It’s business as usual at the Republican Party headquarters of Racine, Wisconsin state, in the days since US President Donald Trump’s stunning COVID-19 diagnosis, and no one in the office is wearing a mask.

“I frankly think that the whole mask-wearing is theater anyway,” says Ken Brown, who helps lead the party here.

Since the beginning of the pandemic, the president has continuously downplayed, ignored or mocked mask-wearing.

But does the president’s diagnosis change anybody’s mind in the Republican party about mask-wearing?

“Absolutely not,” says Brown.

Trump announced late Thursday night his COVID-19 diagnosis, and was taken on Friday to Walter Reed Medical Center in Maryland, which normally treats presidents.

Trump’s physician said on Sunday after a high fever and a couple of drops in oxygen levels, that Trump was improving enough to return to the White House, possibly as early as Monday.

When Trump might be able to resume campaigning for re-election is an open question.

But if Republicans here in Wisconsin are concerned that, at the very least, Trump is off the campaign trail for several days, it’s not apparent.

“I’m not worried,” says Brown. “He’s not going to lose single supporter over this situation.”

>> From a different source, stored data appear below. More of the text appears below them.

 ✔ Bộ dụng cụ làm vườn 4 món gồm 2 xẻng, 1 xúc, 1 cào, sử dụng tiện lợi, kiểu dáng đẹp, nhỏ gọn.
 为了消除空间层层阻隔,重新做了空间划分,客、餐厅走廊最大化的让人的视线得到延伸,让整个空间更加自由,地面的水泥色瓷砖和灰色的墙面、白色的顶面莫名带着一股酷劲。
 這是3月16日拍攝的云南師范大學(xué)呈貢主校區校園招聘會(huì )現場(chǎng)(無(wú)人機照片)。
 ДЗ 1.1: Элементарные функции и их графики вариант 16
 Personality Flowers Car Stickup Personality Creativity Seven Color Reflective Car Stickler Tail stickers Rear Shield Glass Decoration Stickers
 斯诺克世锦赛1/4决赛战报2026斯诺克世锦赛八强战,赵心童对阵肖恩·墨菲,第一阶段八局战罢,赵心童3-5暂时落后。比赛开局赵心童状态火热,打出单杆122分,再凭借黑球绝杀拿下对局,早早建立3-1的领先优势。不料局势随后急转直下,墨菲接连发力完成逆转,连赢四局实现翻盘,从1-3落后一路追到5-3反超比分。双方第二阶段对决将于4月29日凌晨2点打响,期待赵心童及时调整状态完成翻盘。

“Our staff members showed up this morning, our volunteers showed up this morning, we’ve already had people walk through the door, picking up [campaign yard] signs, and they’re ready to vote.”

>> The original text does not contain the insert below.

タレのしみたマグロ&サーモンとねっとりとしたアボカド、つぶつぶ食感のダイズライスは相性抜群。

A few miles away, at the Democratic Party headquarters of Milwaukee, where masks are mandatory, volunteer Greg Walz-Chojnacki talks while assembling yard signs for Trump’s Democratic rival, Joe Biden.

Here, there is no apparent gloating now that Biden has the campaign trail all to himself, at least for awhile.

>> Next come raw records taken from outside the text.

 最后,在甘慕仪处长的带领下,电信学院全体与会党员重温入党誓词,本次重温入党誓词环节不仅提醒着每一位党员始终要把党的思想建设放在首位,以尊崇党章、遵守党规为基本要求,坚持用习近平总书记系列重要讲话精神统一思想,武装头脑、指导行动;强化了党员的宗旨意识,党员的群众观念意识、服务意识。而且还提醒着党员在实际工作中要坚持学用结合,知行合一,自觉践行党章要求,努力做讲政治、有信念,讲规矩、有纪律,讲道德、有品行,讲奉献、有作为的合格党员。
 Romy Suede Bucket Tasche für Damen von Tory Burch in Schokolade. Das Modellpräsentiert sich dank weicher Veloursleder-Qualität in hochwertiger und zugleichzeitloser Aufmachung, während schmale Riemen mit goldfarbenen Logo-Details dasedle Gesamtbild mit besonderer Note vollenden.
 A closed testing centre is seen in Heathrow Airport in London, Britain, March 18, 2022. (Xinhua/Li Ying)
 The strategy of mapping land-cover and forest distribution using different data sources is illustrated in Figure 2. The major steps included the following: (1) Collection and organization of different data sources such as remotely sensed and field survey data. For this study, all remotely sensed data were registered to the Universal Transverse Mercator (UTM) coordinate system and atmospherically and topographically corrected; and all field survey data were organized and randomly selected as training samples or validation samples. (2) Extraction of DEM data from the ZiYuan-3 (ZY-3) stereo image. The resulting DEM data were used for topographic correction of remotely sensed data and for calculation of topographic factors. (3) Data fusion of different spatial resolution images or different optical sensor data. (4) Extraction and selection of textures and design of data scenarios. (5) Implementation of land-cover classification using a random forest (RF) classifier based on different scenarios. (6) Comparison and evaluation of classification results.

“At this moment, I’m not thinking it will have any major impact on the race. I’m still working the way I have been, and I think that’s true of most people.”

Trump had planned two campaign rallies in Wisconsin this past weekend, which were cancelled by his diagnosis. Trump narrowly won the state in 2016, the first Republican presidential candidate to do so since 1984. And polls show the state is now narrowly leaning toward Biden.

By coincidence, the virus is surging in Wisconsin. In the past week, the state’s number of new cases, hospitalizations and deaths have reached pandemic highs. There were already calls for the President to cancel those rallies, which surely would have been crowded and mostly mask-less.

“I think most Democrats would agree it’s slightly mad to have these rallies,” says Walz-Chojnacki.

Chicago public affairs analyst Thom Serafin of Serafin & Associates says it’s not just Trump’s absence from the campaign trail that hurts Republicans. They’ll now have to talk about something other than Trump’s accomplishments.

“It’s a negative for the Republican Party,” says Serafin. “[The virus] becomes an important part of the campaign, they have to wear the mask, they have to do everything they learned in the hospital.”

But Ken Brown remains optimistic, while getting in a dig at Biden.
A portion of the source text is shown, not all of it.